Prime Minister K P Sharma Oli made a rather worrying statement on Monday. Addressing the inaugural function of 16th annual general meeting of Confederation of Nepalese Industries (CNI) in Kathmandu, he said domestic sugar mill owners betrayed him by raising the sugar price exorbitantly and creating a shortage of the item in the market after the government restricted imports in line with their request. They tricked me, he said. Indeed, the sugar mill owners seem to have cheated him. As the prime minister himself admits, these owners told him that “their stocks of sugar were so high” and requested him to impose the import restriction, which when enforced, resulted not only in sugar shortage in the market but also raised the sugar price exorbitantly—from around Rs 70 to Rs 105. Clearly, they were cheating not only the prime minister but also the general consumers. To address the demands of sugar mill owners, the government in September last year decided to restrict sugar imports to 100,000 tons, following which imports came to a halt, leaving the market to rely on supplies from domestic sugar mills. The mill owners had promised not to raise the price as a condition for the import restriction but they did not keep that promise. As a result, there was scarcity of sugar and artificial price hike on the eve of the festive season.

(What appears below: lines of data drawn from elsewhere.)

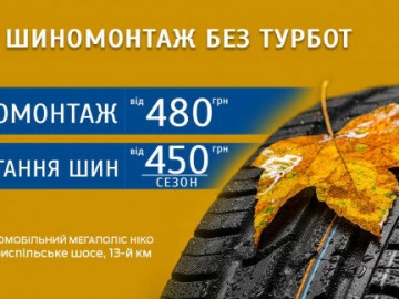 Этой осенью, воспользуйтесь специальным предложением - шиномонтаж без забот от 480 грн в дилерских центрах «Автомобильного Мегаполиса НИКО». Новейшее оборудование, профессиональные специалисты и гарантия на все проведенные работы позволят с уверенностью управлять автомобилем в любую погоду.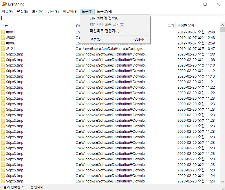 Everything이 파일을 다 찾았으면 아래와 같이 파일들이 쫙 나열됩니다.
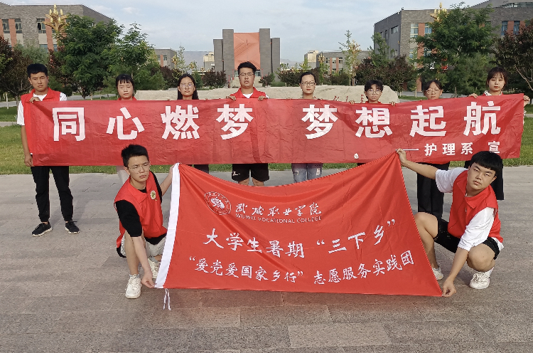 為認(rèn)真貫徹落實(shí)習(xí)近平總書記在慶祝中國共產(chǎn)黨成立100周年大會上的講話精神,不斷深化實(shí)踐育人,引領(lǐng)學(xué)生在社會實(shí)踐中受教育、長才干、作貢獻(xiàn),培養(yǎng)學(xué)生家國情懷和實(shí)踐能力,著眼于青年了解認(rèn)知鄉(xiāng)村情況,踴躍參與鄉(xiāng)村振興戰(zhàn)略實(shí)施,同時加強(qiáng)對大學(xué)生黨史、新中國史教育,鼓勵大學(xué)生青年志愿者向社區(qū)報道,7月15-21日,由武威職業(yè)學(xué)院護(hù)理系一名指導(dǎo)老師與本專業(yè)九位青年志愿者組成的“愛國家鄉(xiāng)行”一行十人分別前往武威市涼州區(qū)雙城鎮(zhèn)南安社區(qū)和敬老院開展主題為“同心燃夢、夢想起航”的暑期“三下鄉(xiāng)”活動。在炎炎夏日,志愿者的服務(wù)為社區(qū)居民和敬老院的老人帶去了一份愛心、一絲暖意。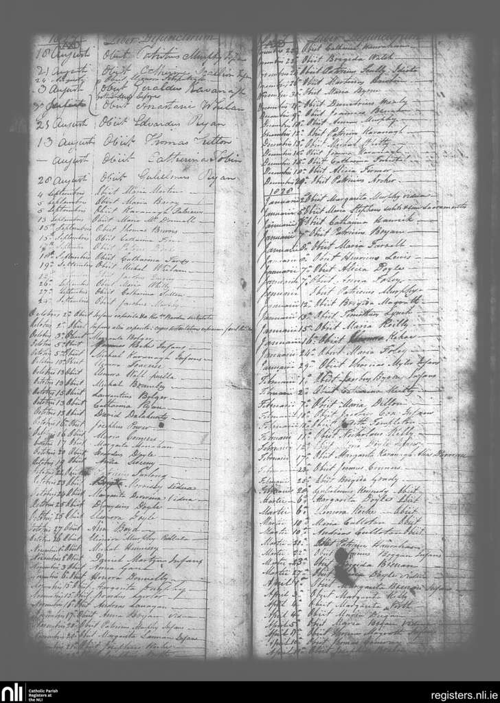 New Ross; County of Wexford; Diocese of Ferns. Deaths, Aug. 1827 to Apr. 1828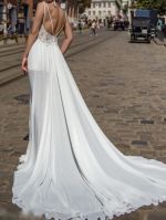 A-line V-neck Sleeveless Court Train 100D Chiffon Wedding Gown With Lace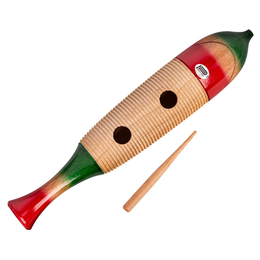 Multi-coloured select wood shell guiro. Large fish shape cylindrical tapered shell with red, natural and green coloured ends. Hand painted. 16" long, 3" diameter. 6¾" ribbed playing area with two finger holes. Complete with steel scraper. Taiwanese.

While the PM’s revelation shows how business nexus feeds him with wrong information to fulfill their vested interests, it also raises question about prime minister’s own decision making capacity and the experts who advise him or whom he listens to. How are the common people to understand this? Prime Minister has appointed experts to advise him on political issues, economy and foreign affairs. The main responsibility of these advisors is to make proper study of the situation, dig deep beneath what is reported, consider repercussions of every decision the prime minister is likely to make and advise the prime minister accordingly. And prime minister is supposed to take decisions based on, but not limited to, the advice offered to him by his experts. In the sugar mill owners’ case, either his advisors may have failed to caution the prime minister or the PM himself may have taken the decision without considering possible consequences. The result is what we see today.

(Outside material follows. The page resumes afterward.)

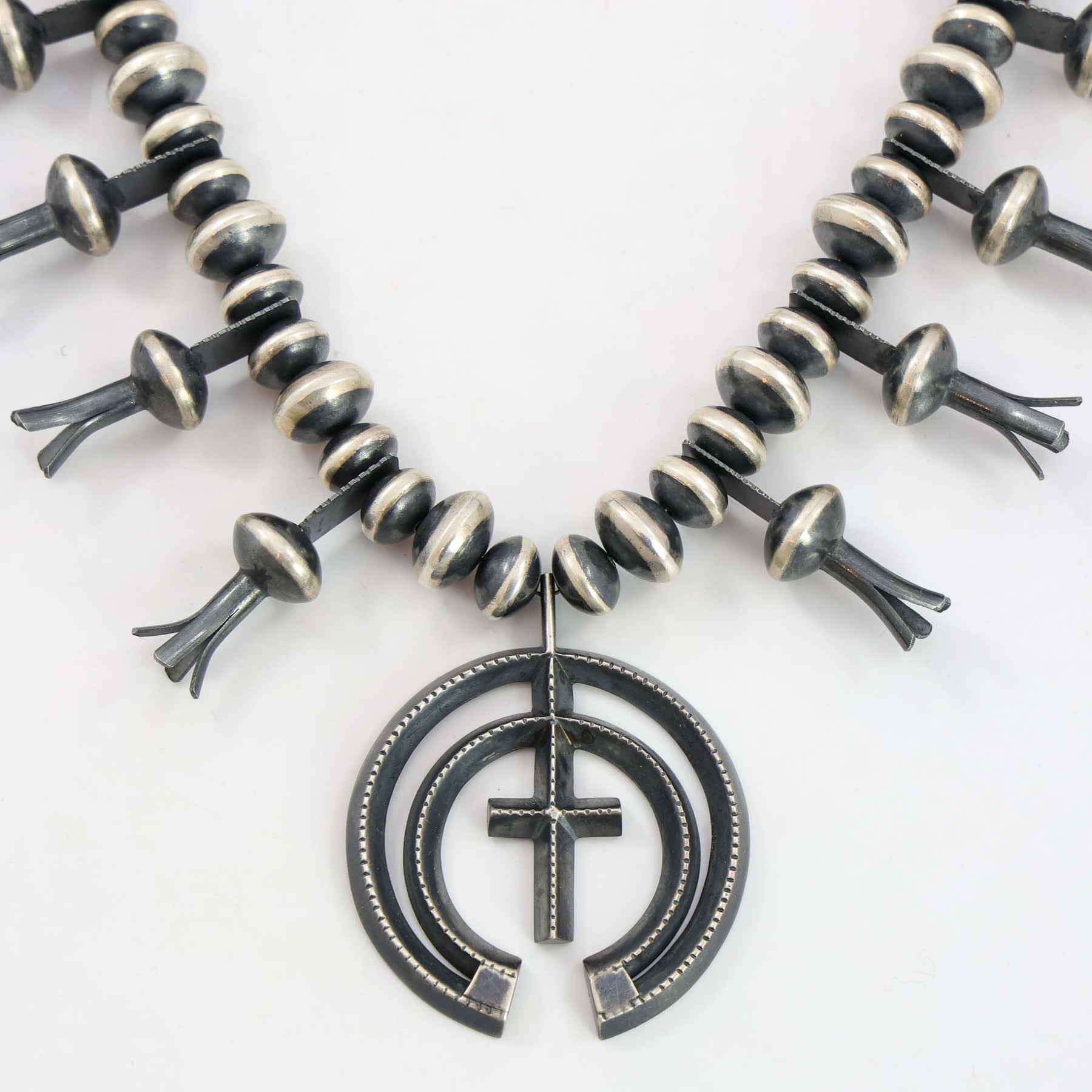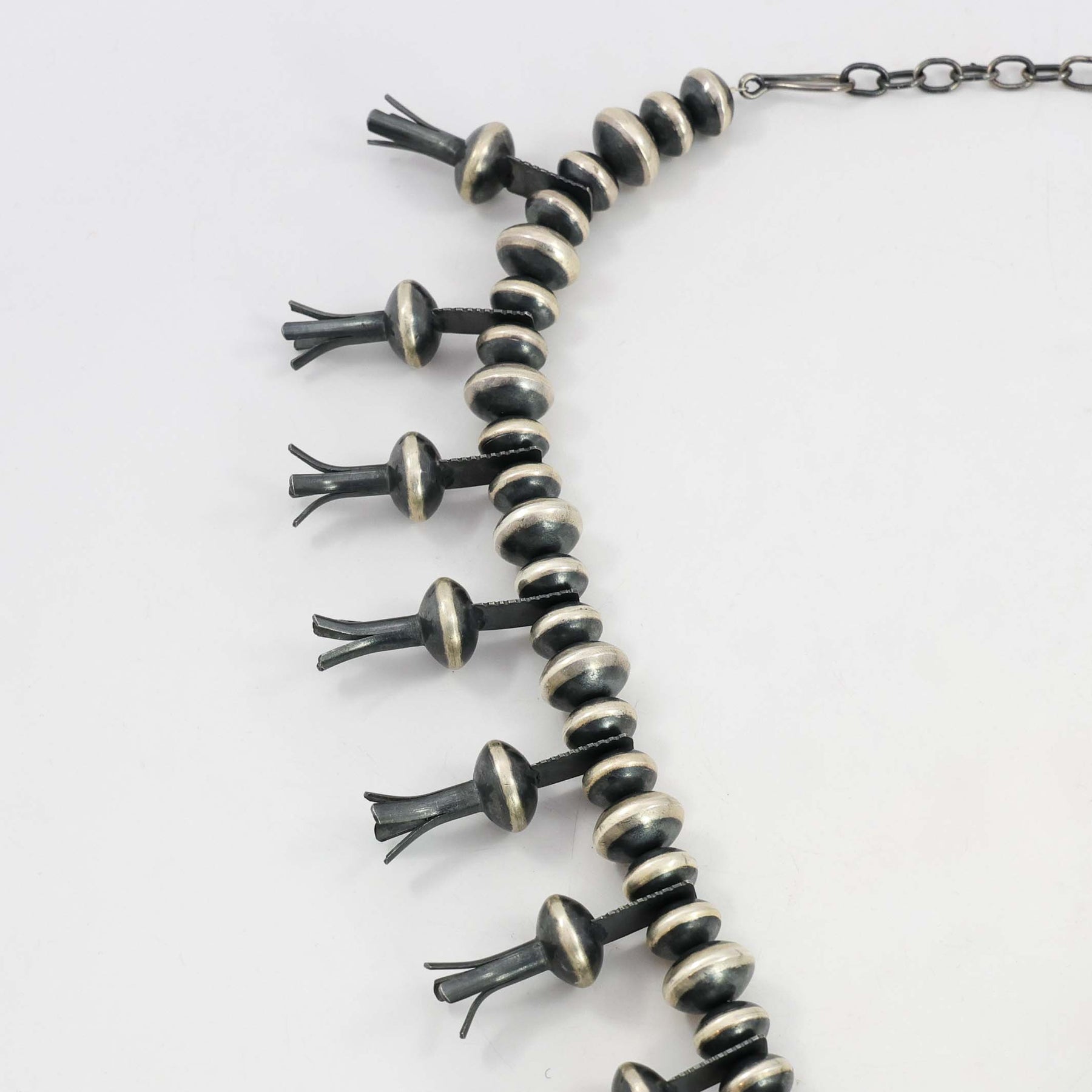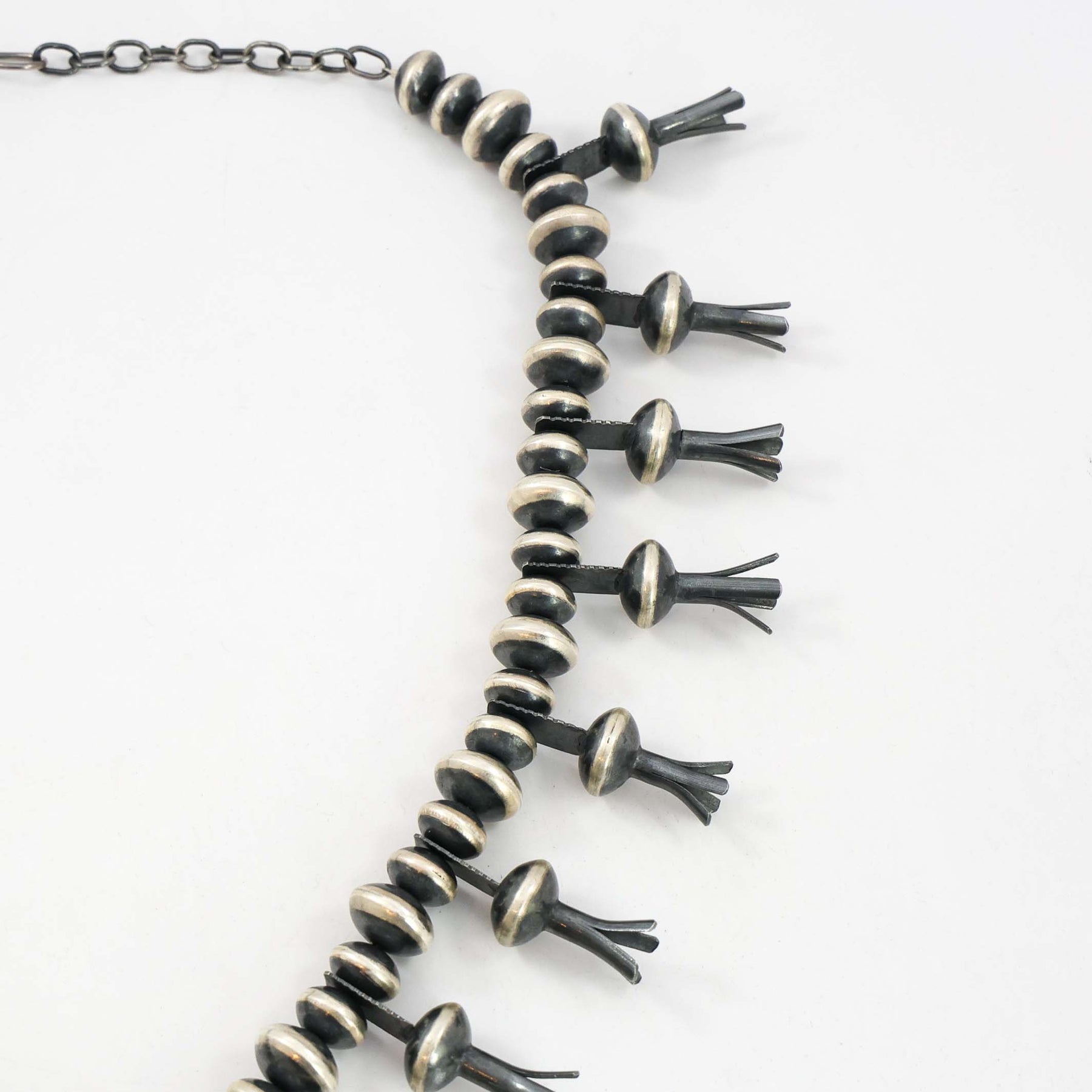 1990s Single Strand Sterling Silver Squash Blossom Necklace with Handmade Navajo Pearl Beads and Squash Blossoms. This necklace features an oxidized finish.

The case of being ‘tricked’ by the mill owners should serve as a cautionary tale to the prime minister and his cabinet ministers. One of the reasons the government has not been able to deliver as per its promises and commitments, as the public perception goes, is that these ministers are often surrounded by vested interest groups who approach them through the cadres to get their jobs done. This has far-reaching consequences and we come to know about it only after the damages have been done. Thus on every decision the prime minister makes—from domestic politics to economy to international relations—he should weigh pros and cons, consider every repercussion and figure out whether it serves the best interest of people or that of select groups. That interest groups trick the prime minister or prime minister himself allows to be tricked does not, at all, serve the interests of the people and the nation.